Несмотря на то что завязка фильма Братова (также автора чудесной короткометражки «Лалай-Балалай») напоминает советскую комедию «Спортлото-82», по вайбу она ближе к «Хорошему времени» братьев Сафди. Главный герой такой же неудачник, как и герой Роберта Паттинсона. Весь фильм он гоняется за счастливым билетом — разумеется, в лучшую жизнь. Однако судьба (та еще злодейка) каждый раз обламывает Соса.
В фильме много фактурных лиц, ярких типажей и чудесной северокавказской натуры, подчеркивающей тщетность бытия. Скажем, картина начинается с вида, снятого со дна канализационного люка. Таким образом авторы с ходу показывают нам, в какой безнадежности живут главные герои и как труден путь наверх, особенно если ты полагаешься на удачу и веришь во всякую чушь, например в то, что египетские пирамиды построили инопланетяне. Поэтому, учитывая то, как Сос мерно плывет по течению (в финале — уже в прямом смысле), есть стойкое ощущение, что даже если он найдет тот счастливый билет, в его жизни мало что изменится.
«Моя страсть к спортивному болению никогда не требовала дополнительных стимуляций в виде ставок»
— Отличное у вас фото на аватарке в ватсапе. С этой кепкой вы похожи на какого‑то пламенного революционера времен Маяковского.
— Правда? А я думал, что так ближе к уголовщине.
— Нет, у меня другая ассоциация.
— Спасибо, что поверили в меня!
— Это, по-моему, очевидно. В вас надо верить. Я посмотрела «Экспресс» еще на кинофестивале «Окно в Европу» в Выборге, и мне он очень понравился.

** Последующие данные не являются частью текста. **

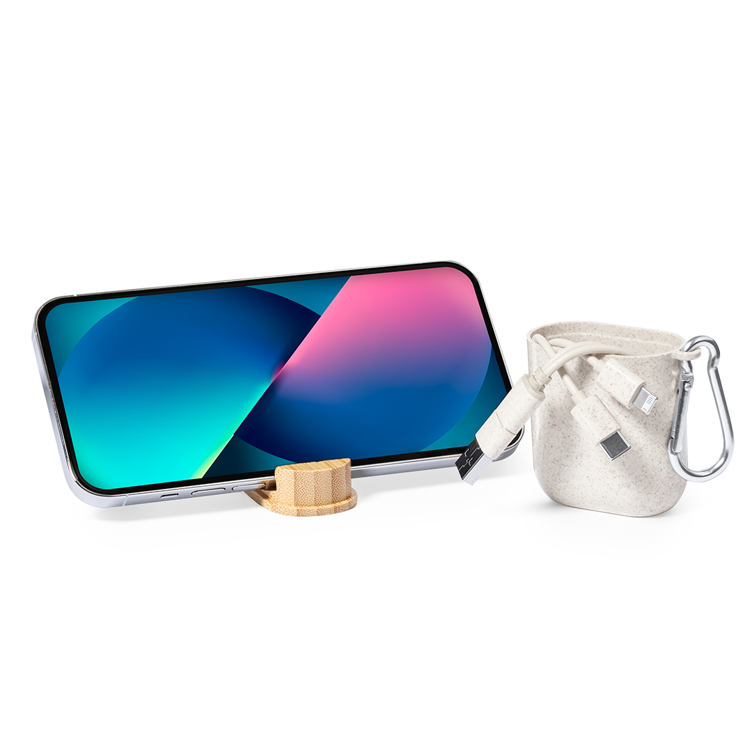 Charger cable made of wheat straw . With Type-C and USB input connections and Type-C, Lightning, and Micro USB outputs. 5V DC 2.4A. Presented in an elegant design case made of wheat straw and bamboo closing lid, with holder function for smartphones. 5.7 x 6.3 x 3.1 cm |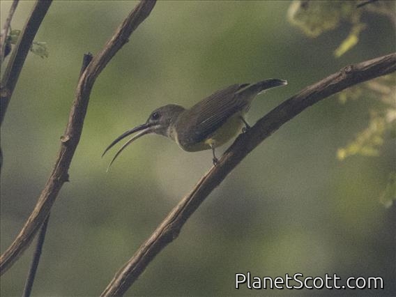 The little spiderhunter is a species of long-billed nectar-feeding bird in the family Nectariniidae found in the moist forests of South and Southeast Asia. Unlike typical sunbirds, males and females are very similar in plumage. They are usually seen in ones or twos and frequently make a tzeck call. They are most often found near flowering plants where they obtain nectar.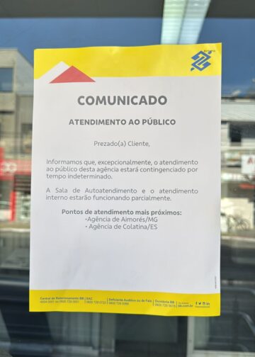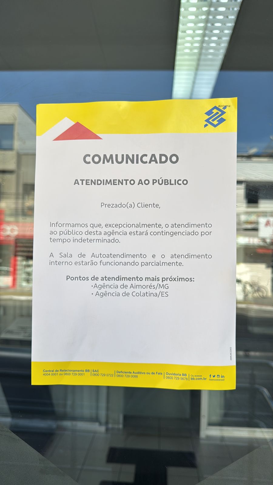 O cartaz na porta do Banco do Brasil comunica ainda, friamente, que os pontos de atendimento mais próximos são as agências de Aimorés ( MG) e Colatina.
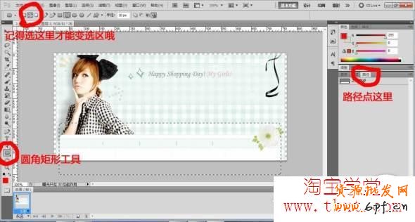7.從這里開始我們需要一個軟件,就是著名的PHTOTSHOP,沒有的掌柜就快去下載吧??!不會用就不能算是合格的掌柜哦!它是使我們店鋪和寶貝變漂亮吸引人的重要工具哦!在打開PHTOTSHOP之后,首先新建一個圖層,寬度為740270,這個可以根據模板的不同是可以改變的。然后把我們剛剛下載的模板圖片復制進入,如果圖片大了就按CTRL+T來調整大小。之后因為模板有些多余的部分,那么我們可以使用“圓角矩形工具”來拉出不需要的部分,再點擊右邊的“路徑”把路徑變成選取,在按DEL就可以刪除不要的部分了。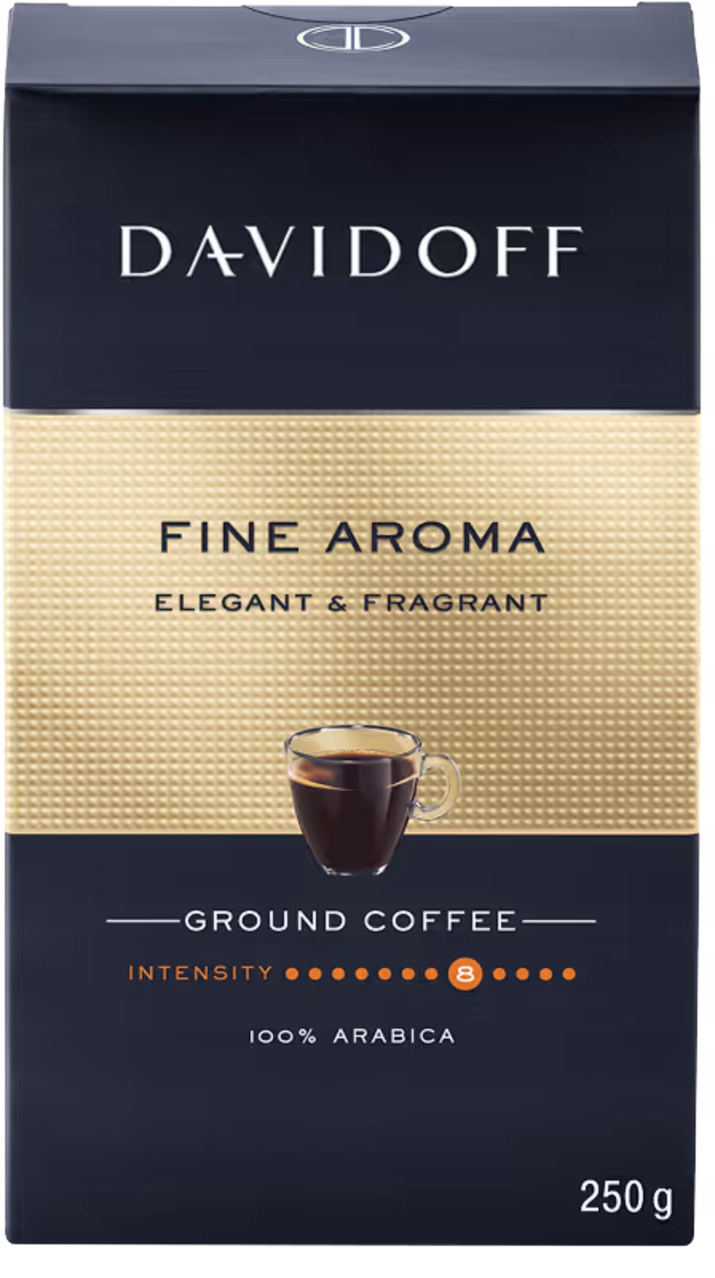 Dzięki średniemu stopniowi palenia, kawa Davidoff Fine Aroma oferuje lekko kwaskową nutę, subtelną słodycz i pełny aromat, który długo utrzymuje się w filiżance. Opakowanie 250 g zapewnia świeżość i wygodę użytkowania.
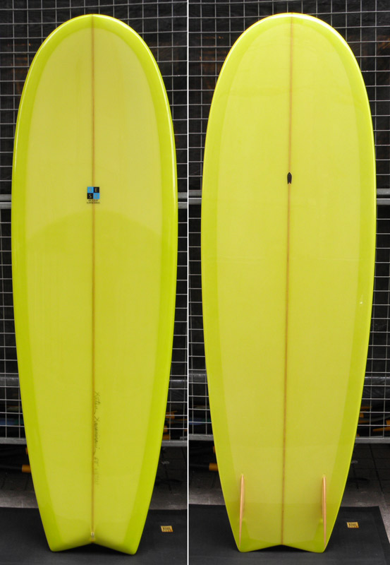 オーダーされた方のリクエストで、ぶつけて壊しやすいテールの角を丸めにシェイプしています。浮力はブギーですからたっぷりです。速い滑り出しからスピードを付けやすい、というか勝手にスピードがついてしまうのもブギーの特長です。
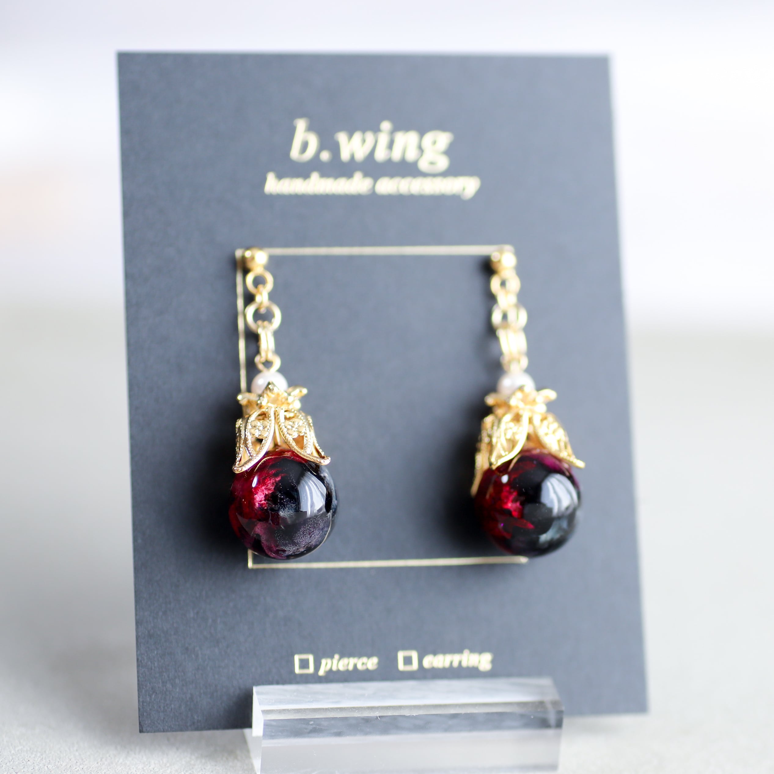 シンプルで、美しい「薔薇玉の耳飾り」。本物のスプレー薔薇を使用し、専用インクで染め上げ、花びらの形、開き方にこだわったデザインです。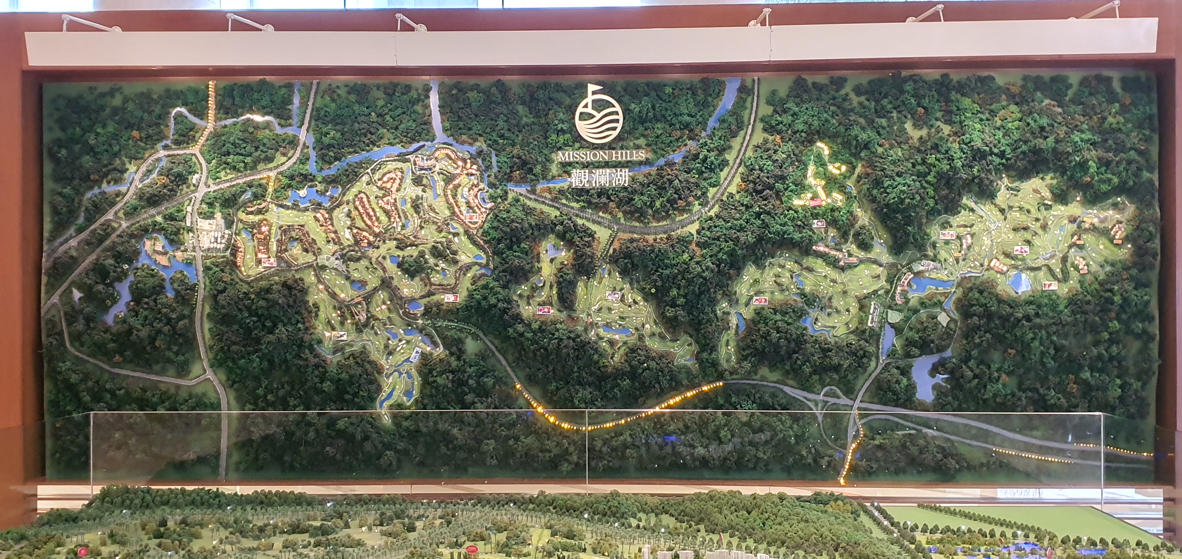 심천미션힐스 전도 - 12개 코스가 포진한 미션힐스 전도 , 왼쪽이 심천코스 (5개) 오른쪽이 동관코스( 5개) 중간이 미드밸리 (2개)입니다. 3곳에 각각 클럽하우스가 하나씩 있습니다. 동관에서 심천으로 이동하려면 셔틀버스를 이용하는데 차량으로 20~30분이 걸립니다.

А после сеанса сразу познакомилась с Русланом [Братовым, режиссером фильма]. Поэтому успех «Экспресса» воспринимаю уже как что‑то личное. И вас я, конечно, поздравляю с фильмом.
— Спасибо большое! Только фильм я еще не видел. Помню, меня приглашали на просмотр рабочий версии, но я плавно с этого слился, потому что хотел увидеть готовое произведение. А в день премьеры в Выборге у меня был спектакль. На старт проката фильма в четверг я тоже не попадаю, потому что буду на съемках на Байкале. Так что впервые смогу посмотреть его только на кинофестивале «Новый сезон» в Сочи.
— Это ведь ваш дебютный фильм?
— Да, для меня это дебют в полнометражном кино. Равно как и для режиссера Руслана Братова, оператора Александра Худоконя и продакшена Stereotactic. Поэтому атмосфера была особенная. Все хотели сделать что‑то большое, настоящее, хорошее. Во всем этом было что‑то радостное.
— А как вы попали в «Экспресс»?
— Сценарий писался не один год. Года три, если не ошибаюсь. И когда я только поступил в ГИТИС, в мастерскую Олега Кудряшова, мне пришло приглашение пройти пробы на этом проекте. Это была еще первая версия сценария. Но я не успел дойти до проб.
— Какой вы неторопливый!
— Нет-нет, вы не подумайте, что я и это откладывал. Я не курица-несушка, я ничего не откладываю. Была назначена дата, но потом пробы заморозились. Не из‑за меня! Не потому что я не дошел (смеется). Руслан их заморозил. Если не ошибаюсь, он переписывал сценарий. Впрочем, дело было не только в сценарии, но и в поиске финансирования. Руслан этого не скрывает. И потом, уже на третьем курсе мне снова пришло приглашение на пробы.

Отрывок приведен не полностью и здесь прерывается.